Come ulteriore censura,
Ad avviso della ricorrente, anche tale disposizione violerebbe i parametri invocati, in quanto l’indicata disciplina transitoria lederebbe la posizione costituzionale delle Regioni e delle Province autonome, impedendo l’esercizio delle funzioni loro spettanti rispetto ai procedimenti in corso ed alterando le regole sulla successione di leggi nel tempo, con una previsione che rimetterebbe all’arbitrio del soggetto che ha richiesto l’autorizzazione il rispetto delle attribuzioni costituzionali delle Regioni (riferite ai procedimenti in corso).
In proposito, la ricorrente, ribadisce testualmente i medesimi argomenti di censura già dedotti con riferimento all’art. 1-ter del decreto-legge n. 239 del 2003.

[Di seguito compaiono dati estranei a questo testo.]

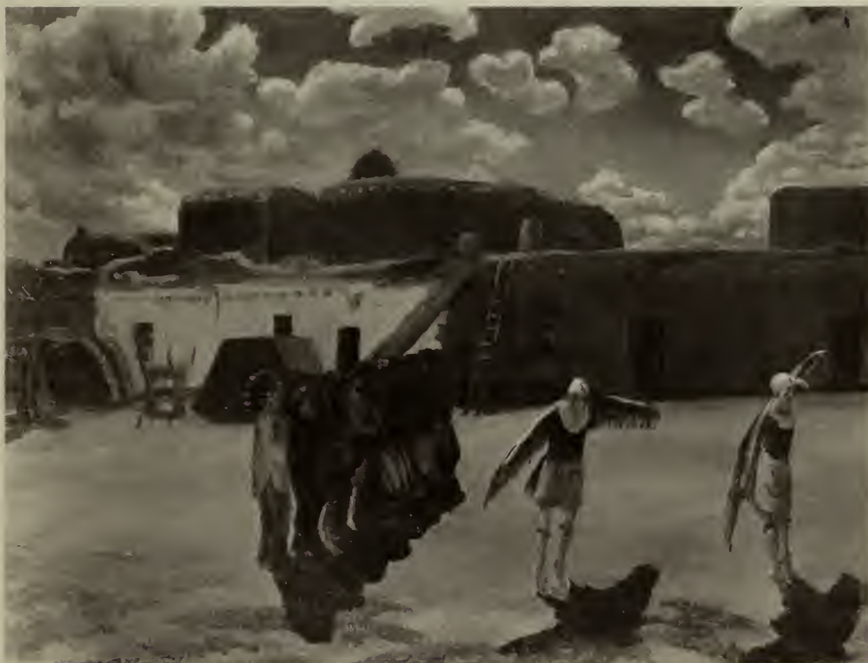
EAGLES OF TESUQUE. 1921. 26 x 34. Kraushaar Galleries.
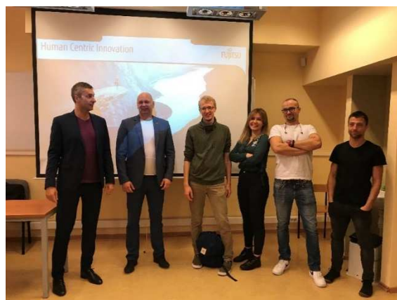
Participants of the program

In addition, the employees in Poland set up a team with the objective to encourage their children to do something positive for the community, environment and their own wellbeing, while developing a positive volunteering attitude. Their activities mainly focus on educational events, including a hardware class to learn how computers work, an Internet Safety workshop, and "Soroban" (Japanese traditional abacus) classes to improve their math's skills.

13. – Si è costituito in giudizio il Presidente del Consiglio dei ministri, rappresentato e difeso dall’Avvocatura generale dello Stato, la quale ha concluso chiedendo che il ricorso sia dichiarato inammissibile o respinto perché infondato.
In particolare, la difesa erariale contesta la fondatezza della questione di legittimità costituzionale dell’art. 1, comma 26, della legge n. 239 del 2004, che ha aggiunto il comma 4-bis all’art. 1-sexies del decreto-legge n. 239 del 2003, relativo al potere sostitutivo statale nel procedimento di autorizzazione delle reti di trasporto di energia e degli impianti di energia elettrica di potenza superiore a 300 MW termici. In ordine alla asserita sottrazione del potere in esame alla competenza collegiale del Consiglio dei ministri, l’Avvocatura dello Stato, richiamandosi alla giurisprudenza di questa Corte, afferma che il ricorso proposto ai sensi dell’art. 127 Cost. può riguardare solo la ritenuta lesione di sfere di attribuzioni della Regione o della Provincia ricorrente.

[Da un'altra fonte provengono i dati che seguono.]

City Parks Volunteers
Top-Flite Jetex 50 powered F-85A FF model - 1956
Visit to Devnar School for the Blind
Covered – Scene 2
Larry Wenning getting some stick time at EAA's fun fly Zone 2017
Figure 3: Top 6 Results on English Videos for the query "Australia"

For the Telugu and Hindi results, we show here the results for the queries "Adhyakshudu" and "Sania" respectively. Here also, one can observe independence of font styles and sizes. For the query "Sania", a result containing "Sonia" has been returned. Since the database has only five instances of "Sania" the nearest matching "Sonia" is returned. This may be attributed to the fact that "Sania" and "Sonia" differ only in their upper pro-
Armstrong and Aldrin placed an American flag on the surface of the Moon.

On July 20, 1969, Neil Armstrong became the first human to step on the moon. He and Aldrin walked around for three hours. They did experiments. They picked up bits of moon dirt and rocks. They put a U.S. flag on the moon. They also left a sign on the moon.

In ogni caso, secondo la difesa erariale, il riferimento al “Governo”, contenuto nella norma censurata, quale titolare del potere di cui si controverte, escluderebbe, secondo l’esegesi dell’art. 92 Cost., la fondatezza del presupposto interpretativo su cui poggia la censura in esame, dal momento che tale disciplina escluderebbe l’esercizio di competenze da parte di singoli Ministri, prevedendo piuttosto l’emanazione di atti di concerto fra Ministri (che non costituiscono provvedimenti individuali).

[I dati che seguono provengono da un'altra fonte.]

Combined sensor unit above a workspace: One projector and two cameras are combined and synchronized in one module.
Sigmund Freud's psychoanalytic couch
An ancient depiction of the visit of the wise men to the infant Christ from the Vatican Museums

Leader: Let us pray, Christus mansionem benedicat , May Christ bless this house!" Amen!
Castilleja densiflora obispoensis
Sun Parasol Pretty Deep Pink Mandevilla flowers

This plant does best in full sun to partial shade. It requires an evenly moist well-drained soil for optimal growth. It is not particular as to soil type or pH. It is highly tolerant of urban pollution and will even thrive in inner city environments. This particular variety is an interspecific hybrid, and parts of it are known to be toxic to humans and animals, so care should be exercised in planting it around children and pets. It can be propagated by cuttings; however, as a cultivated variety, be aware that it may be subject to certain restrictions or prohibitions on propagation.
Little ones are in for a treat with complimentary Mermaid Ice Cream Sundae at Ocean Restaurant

Quanto al fatto che la censura in esame avrebbe riguardo alla ritenuta introduzione di una nuova ipotesi di potere sostitutivo, ad avviso della difesa erariale tale affermazione non sarebbe argomentata e, comunque, le materie cui dovrebbe essere ricondotta la fattispecie in esame sarebbero quelle della tutela dell’unità economica e quella della tutela dei livelli essenziali delle prestazioni concernenti i diritti civili e sociali.
In particolare, secondo l’Avvocatura dello Stato, il secondo dei richiamati titoli di legittimazione comporterebbe la riserva al legislatore statale della determinazione dei livelli essenziali delle prestazioni e la previsione del potere sostitutivo si giustificherebbe con l’esigenza di predisporre le «condizioni perché sia assicurata sempre ed a tutti l’energia sufficiente per far fronte ai bisogni quotidiani essenziali».